We must apply a generic concept: Contextual Filtering. Every database query must have a WHERE shopkeeper_id = X restriction.
There are two main ways to enforce this.
Method 1: Backend Enforced (Recommended) #
In this approach, the Express backend is the source of truth. It authenticates the user, extracts their ID, and explicitly injects it into the MCP tool call. The AI never even knows other shopkeepers exist.
Express Backend Code:
// Express route handling the chat
app.post('/api/chat', async (req, res) => {
// 1. Authenticate user from session/token
const currentShopkeeperId = req.user.shopkeeperId;
const userPrompt = req.body.message;
// 2. We define the tool for the AI. Notice we DON'T ask the AI for the shopkeeper ID.
const tools = [{
name: "get_sales_data",
description: "Fetch sales data for the current user's shop.",
parameters: { type: "object", properties: {} } // No inputs required from AI!
}];
// 3. AI decides to use the tool...
// 4. We execute the tool, injecting the ID ourselves
const result = await executeMcpTool("get_sales_data", {
shopkeeperId: currentShopkeeperId // Injected by backend, trusted.
});
// ... return result to AI ...
});
MCP Server Code:
// Inside the MCP Server
mcp.addTool("get_sales_data", async (params) => {
// We trust the 'shopkeeperId' passed by our secure backend
const { shopkeeperId } = params;
// SQL syntax demo
const query = `
SELECT item_name, amount, created_at
FROM orders
WHERE shopkeeper_id = $1
ORDER BY created_at DESC
LIMIT 10;
`;
const dbResult = await db.query(query, [shopkeeperId]);
return JSON.stringify(dbResult.rows);
});
Method 2: MCP Server Validation #
If your MCP server is decoupled (e.g., using SSE over HTTP), you might prefer the MCP server to validate requests itself using an authorization token.
Express Backend Code:
app.post('/api/chat', async (req, res) => {
// Pass the raw auth token to the AI's tool request
const userToken = req.headers.authorization;
// ... AI decides to use tool ...
const result = await callExternalMcpServer("get_sales_data", {}, userToken);
});
MCP Server Code:
// Inside the HTTP-based MCP Server
mcp.addTool("get_sales_data", async (params, context) => {
// 1. MCP Server receives the token from the connection context
const token = context.headers.authorization;
// 2. Validate token and extract ID
const decoded = jwt.verify(token, process.env.JWT_SECRET);
const shopkeeperId = decoded.shopkeeperId;
if (!shopkeeperId) throw new Error("Unauthorized");
// 3. Execute restricted query
const query = `
SELECT item_name, amount
FROM orders
WHERE shopkeeper_id = $1;
`;
const dbResult = await db.query(query, [shopkeeperId]);
return JSON.stringify(dbResult.rows);
});
Cost and Complexity Analysis #
Building this feature is an investment. Here is what you need to consider:
Complexity #
- Low to Medium: Using the Backend Enforced method with a stdio local MCP server is relatively straightforward. You only have to write a few extra functions in your existing Express app.

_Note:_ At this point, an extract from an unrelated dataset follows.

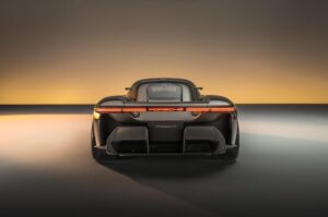Eine durchgehende, scheinbar schwebende Leuchteineinheit prägt das Heck des Mission X. Besonderheit ist hier ein transparenter, leuchtender Porsche-Schriftzug. Dazu hat das Designteam schon beim Konzept auf Aerodynamik geachtet. Mauer aber weiß, das gerade in dieser Hinsicht noch viel Arbeit wartet, bevor der Wagen in Serie geht. „Da ist noch eine Menge an Feinschliff notwendig, um die ausgegebenen Ziele mit Blick auf die Performance zu erreichen.“

- High: Building a standalone HTTP SSE MCP server with internal token validation requires managing a new microservice, handling networking, setting up CI/CD, and managing strict internal API security.

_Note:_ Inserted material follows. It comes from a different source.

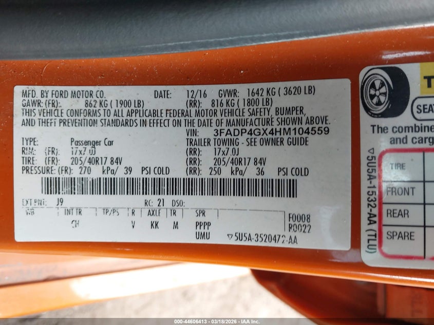 VIN: 3FADP4GX4HM104559

Price (Operational Costs) #
- Hosting: If using stdio local MCP, hosting costs are essentially $0 (it piggybacks on your existing backend server’s CPU/RAM). Standalone HTTP MCP servers will require separate hosting (e.g., AWS ECS, Vercel, or Heroku), adding monthly fixed costs.

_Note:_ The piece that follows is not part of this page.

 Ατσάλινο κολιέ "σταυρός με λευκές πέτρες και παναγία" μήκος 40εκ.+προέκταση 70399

- AI API Tokens: This is the real variable cost. Every time a user chats, you pay for:
- The user’s prompt (Input Tokens).
- The database data returned by the MCP server (Input Context Tokens).
- The AI’s final answer (Output Tokens).
- Cost Example: If using Claude 3.5 Sonnet, reading 100 rows of database data might cost ~1,000 tokens ($0.003). Over 10,000 shopkeepers doing 5 queries a day, that equals about $150/month purely in AI API costs. Using a free tier like Gemini Flash can completely eliminate this cost during your initial rollout.
By carefully designing your MCP tools to only return the exact data needed (using SQL LIMIT and strict WHERE clauses), you keep your AI context small, saving money and making the AI’s responses faster and more accurate!